Work instruction — From the data below, set down exactly the lines between the one holding "Anıtkabir fotoğrafını paylaşan" and the one holding "Каждую пятницу в", inclusive, and no others.

Records for processing —
---*---

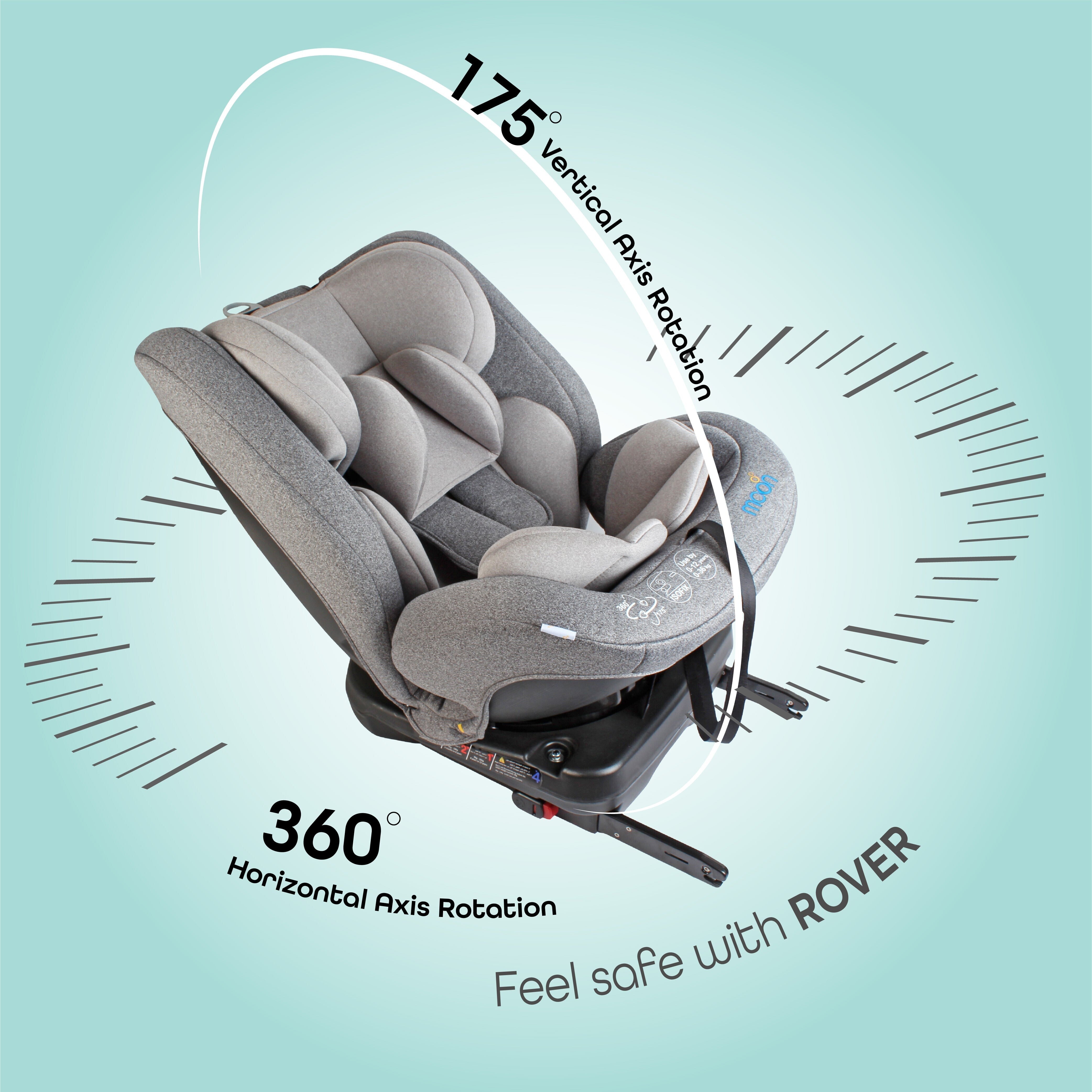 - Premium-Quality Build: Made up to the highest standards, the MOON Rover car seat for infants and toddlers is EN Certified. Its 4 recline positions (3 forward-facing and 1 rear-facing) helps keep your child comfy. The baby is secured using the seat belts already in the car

---*---

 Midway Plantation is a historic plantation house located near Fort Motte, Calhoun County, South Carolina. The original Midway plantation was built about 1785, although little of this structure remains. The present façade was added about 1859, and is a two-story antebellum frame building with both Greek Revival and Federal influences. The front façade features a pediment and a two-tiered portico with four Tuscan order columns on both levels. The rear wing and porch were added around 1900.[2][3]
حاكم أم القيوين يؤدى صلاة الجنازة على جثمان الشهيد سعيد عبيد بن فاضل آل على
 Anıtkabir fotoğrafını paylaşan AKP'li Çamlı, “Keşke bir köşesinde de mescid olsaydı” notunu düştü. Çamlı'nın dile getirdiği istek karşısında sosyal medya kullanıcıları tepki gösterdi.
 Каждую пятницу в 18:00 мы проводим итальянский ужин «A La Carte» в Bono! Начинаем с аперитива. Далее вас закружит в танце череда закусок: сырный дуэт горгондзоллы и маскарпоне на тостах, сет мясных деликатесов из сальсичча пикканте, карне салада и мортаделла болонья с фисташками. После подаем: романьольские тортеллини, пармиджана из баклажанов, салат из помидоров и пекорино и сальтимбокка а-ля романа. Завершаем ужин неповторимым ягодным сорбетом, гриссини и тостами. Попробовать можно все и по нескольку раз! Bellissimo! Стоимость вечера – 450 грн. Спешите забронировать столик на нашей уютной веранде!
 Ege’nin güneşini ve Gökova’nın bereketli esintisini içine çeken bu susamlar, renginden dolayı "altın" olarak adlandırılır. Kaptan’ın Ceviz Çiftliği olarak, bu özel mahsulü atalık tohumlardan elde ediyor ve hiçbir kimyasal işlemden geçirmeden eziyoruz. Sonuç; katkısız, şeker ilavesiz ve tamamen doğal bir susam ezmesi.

---*---

Exercise result —
 Anıtkabir fotoğrafını paylaşan AKP'li Çamlı, “Keşke bir köşesinde de mescid olsaydı” notunu düştü. Çamlı'nın dile getirdiği istek karşısında sosyal medya kullanıcıları tepki gösterdi.
 Каждую пятницу в 18:00 мы проводим итальянский ужин «A La Carte» в Bono! Начинаем с аперитива. Далее вас закружит в танце череда закусок: сырный дуэт горгондзоллы и маскарпоне на тостах, сет мясных деликатесов из сальсичча пикканте, карне салада и мортаделла болонья с фисташками. После подаем: романьольские тортеллини, пармиджана из баклажанов, салат из помидоров и пекорино и сальтимбокка а-ля романа. Завершаем ужин неповторимым ягодным сорбетом, гриссини и тостами. Попробовать можно все и по нескольку раз! Bellissimo! Стоимость вечера – 450 грн. Спешите забронировать столик на нашей уютной веранде!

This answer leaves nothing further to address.